WHAT IS REQUIRED:
Output the whole listing exactly, with no pictures.

PROVIDED DATA:
────

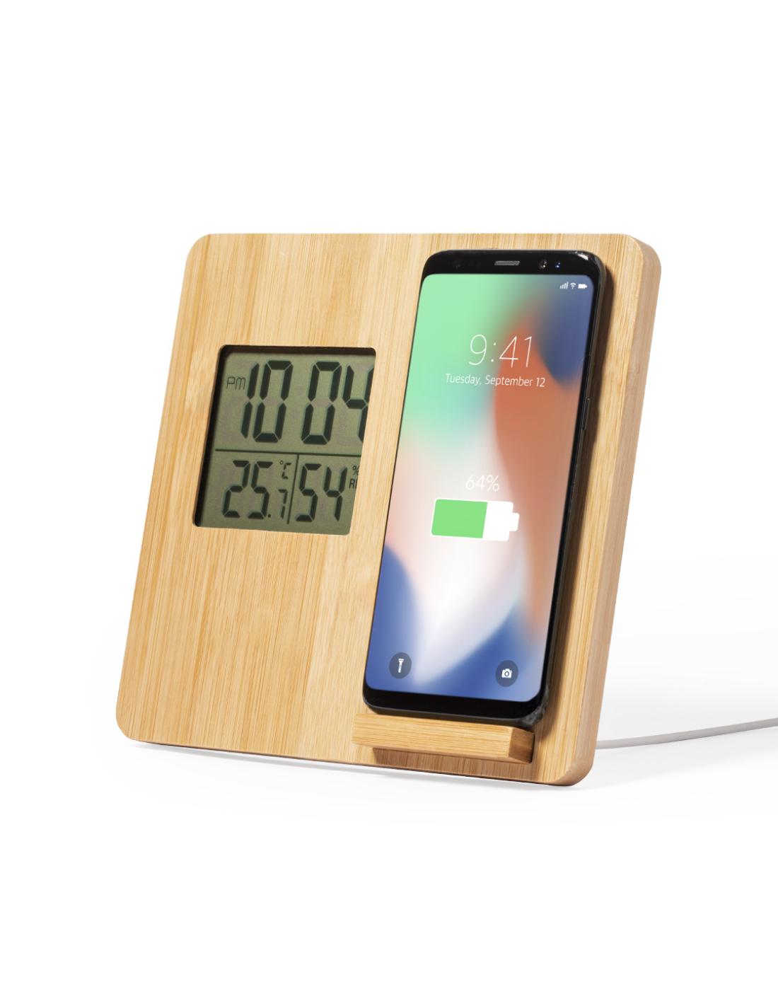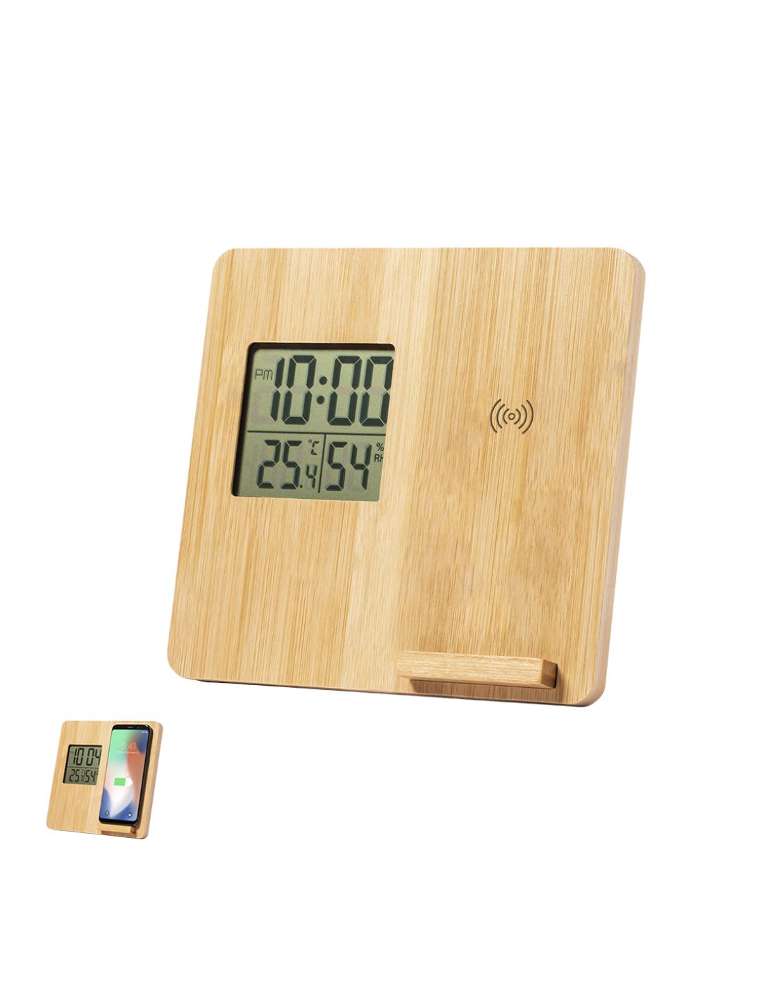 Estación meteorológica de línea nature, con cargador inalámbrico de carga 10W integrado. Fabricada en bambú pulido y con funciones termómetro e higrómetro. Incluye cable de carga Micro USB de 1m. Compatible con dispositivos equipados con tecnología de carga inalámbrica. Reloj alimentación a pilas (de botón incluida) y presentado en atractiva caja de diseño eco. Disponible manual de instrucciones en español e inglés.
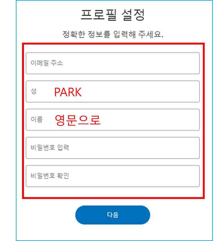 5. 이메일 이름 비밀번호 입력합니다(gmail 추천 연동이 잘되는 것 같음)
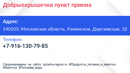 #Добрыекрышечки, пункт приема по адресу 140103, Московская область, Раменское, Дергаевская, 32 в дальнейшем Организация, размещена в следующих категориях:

────

ANSWER:
 Estación meteorológica de línea nature, con cargador inalámbrico de carga 10W integrado. Fabricada en bambú pulido y con funciones termómetro e higrómetro. Incluye cable de carga Micro USB de 1m. Compatible con dispositivos equipados con tecnología de carga inalámbrica. Reloj alimentación a pilas (de botón incluida) y presentado en atractiva caja de diseño eco. Disponible manual de instrucciones en español e inglés.
 5. 이메일 이름 비밀번호 입력합니다(gmail 추천 연동이 잘되는 것 같음)
 #Добрыекрышечки, пункт приема по адресу 140103, Московская область, Раменское, Дергаевская, 32 в дальнейшем Организация, размещена в следующих категориях:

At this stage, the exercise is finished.